最初に日本へ来た英国人とされる航海士ウイリアム・アダムズは、高い見識と豊かな国際感覚を持っていたようだ。面会した徳川家康はいたく気に入り、政治・外交顧問として迎え入れる。三浦按針という日本名と家屋敷も与え、ずいぶん重宝したらしい
▼家康が頼りにするため、按針の影響力はどんどん大きくなっていく。貿易でひともうけしようと考える商人たちは何とか按針に取り入ろうとした。世の常だろう。按針は幕府の仕事をきっちりこなしながら、個人でも独自に取引をしていたそうだ。

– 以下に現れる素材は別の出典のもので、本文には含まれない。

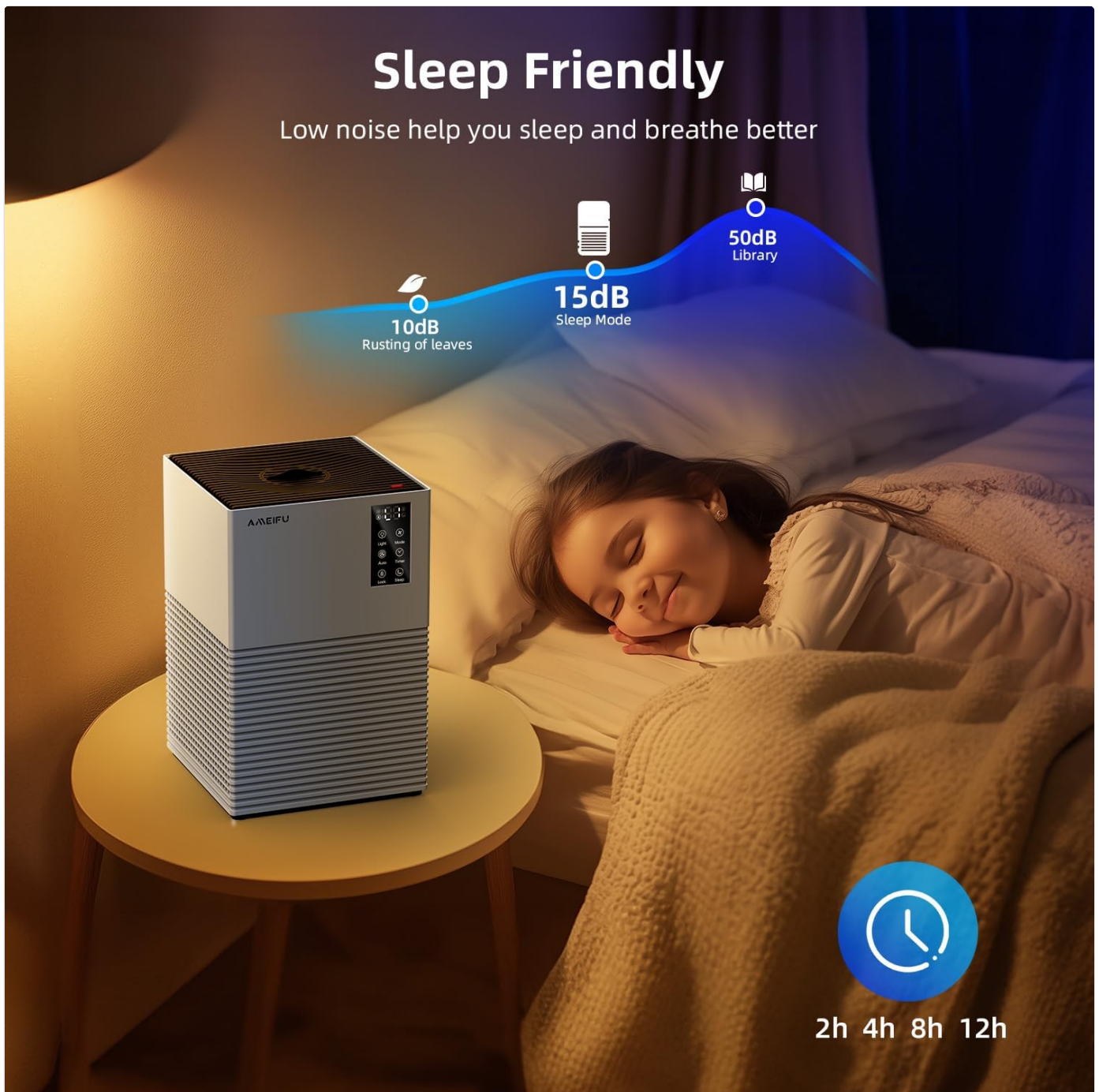
Image: The child lock feature ensures safe operation around children and pets by preventing unintended button presses.

英国に帰る資金を貯めていたとの説もある。想像だが有望な商人に自ら私的取引を持ち掛けたこともあったろう
▼特権を行使できる人物の中には、ひそかに大金を手に入れられる誘惑にあらがえない者もいる。今回もそれだろうか。東京地検特捜部が26日、受託収賄容疑で東京五輪・パラリンピック組織委員会の高橋治之元理事の自宅や、関係先の大手広告代理店電通を家宅捜索した。聴取も近く行われると聞く。紳士服大手のAOKIホールディングスを大会スポンサーにする見返りに、高橋氏のコンサルタント会社が計約4500万円を受け取っていた疑いがあるのだとか。委員会の理事は「みなし公務員」のため、職務と賄賂の関係が立証されると罪に問われる
▼按針も家康の没後は半ば追放された形になり、不遇の人生を送らざるを得なかった。積極外交を進めた実績が、二代将軍秀忠に警戒されたのである。強力な後ろ盾のあるうちは、自分が特権を持つことに案外気づけないものなのかもしれない。